Nearly an hour later he comes out, feeling marginally better after downing half a bottle of aspirin and a long, long, hot shower. There is a message on the machine, which he ignores for the moment. He looks around the living room for evidence of the New Years Eve party he must have had judging by how he felt, and couldn't see any. Nor could he remember anything past 10pm the night before, when he was watching the tube, waiting for the ball to drop and find out if the world will fall apart when the clocks switch to 2000.
Disturbed, he hits play on the machine.
"Hank, this is Tom down at the Moro pool. We are having problems with a couple of cruisers. They won't start and nobody here can figure it out. If you could come down and check it out, we would appreciate it."
Sighing and grumbling about having no peace and quiet, Hank gets dressed and goes to catch the buss, feeling in no condition to drive.

*****

Opening his eyes with a not-so-slight whimper, Emanon wonders for an instant if he were dead. Then wishes he was when he tries to sit up.
Seeing no reason to subject himself to the torture of wakefulness, he fights the urge to vomit and tries to fall back to sweet, merciful sleep. Only to have his hopes shattered by the telephone.
Whimpering some more, he pulls a couple of pillows over his head to block the sound, ineffectually as it turns out.
Thankfully, or not, it cuts to the machine before rendering him unconscious. Sighing in relief, he listens to the message.
"Emanon, this is LT. Gorges. I need you to come down and answer a couple of questions about the incident last night. Get here as soon as you hear this."
Seeing no reason to subject himself to the torture of laying down any longer, he manages to sway upright and stumble into the bathroom, swallowing a mouthful of Motrin dry, then crawl into the shower.
As he spends the next hour or so waking up and letting the pills do their work, he tries to figure out just what the hell the LT was talking about. He had the night off, or he wouldn't have this horrendous hangover. Or did he? Through the haze of pain, Emanon recalls that he was, indeed on duty. So what the hell? Who knows, because he doesn't remember anything past 10.
Still confused, he gets dressed and calls the precinct to let them know that he was on his way.

*****

"I am going to kill somebody..." swears Bear as his phone rings, waking him up to blinding pain. He probably would have felt better if the roof had just fallen on his head.
"Bear, this is Carl. Get down here as soon as you get up, we need to talk."
"Man, I hope I didn't trash the bar partying last night.
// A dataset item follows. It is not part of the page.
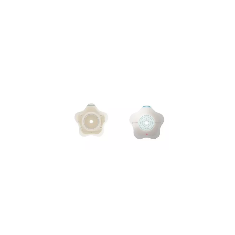 L’anello rende stabile la zona centrale in modo che lo stoma abbia il supporto necessario. La placca piana è indicata per persone con conformazione addominale regolare, grazie alla BodyFit Technology, è costituita da un adesivo elastico; ha forma ovale e la sua struttura elastica garantisce adesività, sicurezza, protezione della cute e atraumaticità in fase di rimozione su tutte le superfici della cute peristomale.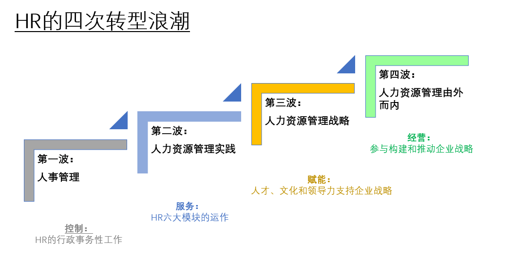 如果借用HR管理大师戴维•尤里奇的“HR四次转型浪潮”的表述,国内大部分企业HR已逐渐完成从“人事管理”向“人力资源管理实践”六大模块的运作转型,并逐步迈向“人力资源管理战略”,通过赋能人才、构建文化、提升领导力等举措支持企业的战略实施。然而,企业的CEO与业务领导者们更进一步期望人力资源管理者从“HR管理和专业视角”转变为“业务和经营视角”,创造更大的价值,实现“人力资源管理由外而内”战略型HR飞跃。

It's a good thing I took the night off to ring in 2000, or I wouldn't have a job right now!"
As Bear struggles into the bathroom to get some meds and a shower, a thought hits him hard enough to nearly knock him over.
"I _was_ working last night! Oh, ! If I got this drunk while working...wait...did I? can't remember a thing past 10. Great...just what I need."
A good while later, Bear leaves the house feeling slightly better and walks to work. On the way, he notices several groups of people standing around, looking at everything and nothing, playing with PDA's. Shaking his head at the idiocy of some people, he turns the corner at the bar - and stops. The bar isn't here. "Am I so sick that I can lose myself in three blocks?" Then he notices  there are a large number of the idiots, wearing what appears to be three different kinds of uniforms, looking around the building that Bear swears should be the bar.
Cursing himself for a fool, he turns around and starts walking back to his building, paying close attention to where he was walking. Nothing seems to be wrong, but he does seem to be getting sicker the more he thinks about it. Plopping onto his steps, he calls his friend Chuck for a ride to the Med Center.

*****

On the bus ride to the garage, Hank notices a number of groups of people along the way, not doing much of anything. Just standing around messing with their PDA's. One group of which was sitting at the back of the bus. The longer he looked at them, the more certain he was that the black clothes they were wearing were some kind of uniform.
Hank gets up to talk to them.
"Excuse me, but what I don't recognize your outfits. Who do you work with?"
The guy in black glances up, then back to his PDA. He seems to pause a minute, then looks back up at Hank quizzically. He then seems to point his hand-held at him and mess with it.
"Look, man," Hank says, "I am just curious. And do you mind putting that thing away?"
Looking at Hank again, the guy shrugs and puts his computer away. "Well," he starts, with a slightly British accent, "You could say we are with a slightly more Secret Service than the one you are used to dealing with."
"What do you mean by that?"
"Well, that is something I can't very well tell you, now is it?"
"Fair enough. Why is it that there are so many of you around. Is the President coming or something?"
The guy laughs, and says "No, of course not. Whatever gave you that idea?"
"Well, you say you are with an ultra secret service, and you guys are everywhere. I was just wondering what brings you to the area all of a sudden."
"All of a sudden?" the guy answers in a questioning manner.
Hanks eyes widen at the comment, and he slowly backs away, returning to his seat.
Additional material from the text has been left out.